General Pakpour said, “In view of the situation in the [northern Iraqi] region and the possibility of [giving] a firm and crushing response by the Islamic Republic of Iran to terrorist groups, which are affiliated with the sworn enemies of the [Islamic] Revolution and the Islamic Establishment, and are holed up in the northern Iraqi territory, we request the inhabitants of this region to distance themselves from terrorists’ bases, so that no harm would come to them.”
Iraqi Kurdistan Region has been used for a long time by such anti-Iran terror groups as the Kurdistan Workers’ Party (PKK) and its offshoot, PJAK, which are active in Iraq and Turkey, to launch occasional attacks against the positions of Iranian border guards and border areas in northwestern parts of the country.
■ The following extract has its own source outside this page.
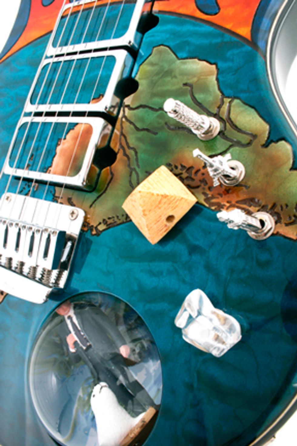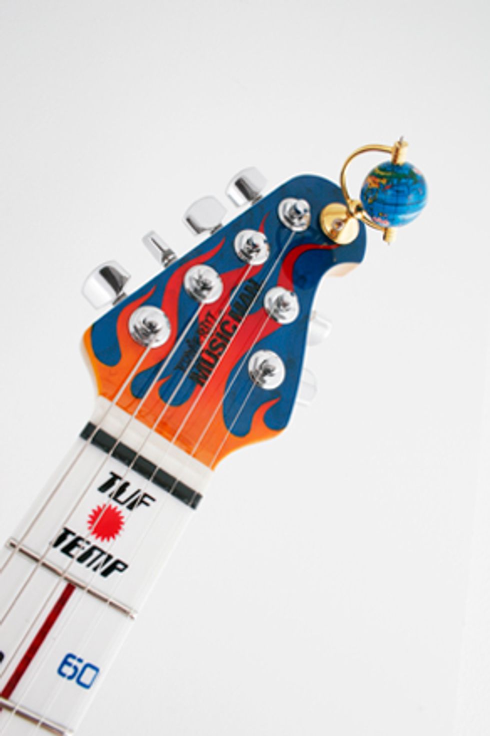 SAN LUIS OBISPO, CA (July 12, 2007) – In anticipation of last week’s LIVE EARTH global live music phenomenon, Ernie Ball Music Man has created a one-of-a-kind Global Warming Guitar – an incredibly elaborate guitar that merges plenty of creative global warming kitsch with the amazing sound and quality expected from Music Man’s elite collection of special edition instruments.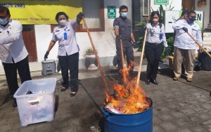KORANJURI.COM – Kejaksaan Negeri Denpasar memusnahkan barang bukti (barbuk) kejahatan yang telah inkrah atau berkekuatan

The attacks have been invariably faced with crushing responses from Iran's border guards and other military units deployed in those areas.
PJAK is an offshoot of Turkey's PKK and is known for carrying out random hit-and-run attacks against Iranian targets, after which they retreat to their lairs in Turkey as well as the northern Iraqi territory.
They carry out their attacks in parts of Iran's West Azarbaijan province, which borders Iraq, Turkey, and Armenia.
On October 4, 2016, General Pakpour said a terrorist group, backed by the United States and the Israeli regime, had been dismantled in the country’s west near the border with Iraq, with Iranian forces killing all of its members.
In a similar announcement in July the same year, Pakpour said the IRGC forces had captured two members of a terrorist group in the southwest, saying the detainees had admitted to US and Saudi support.
Earlier in the year, a Takfiri-Wahhabi plot to stage attacks in Iran’s major cities, including Tehran, was thwarted.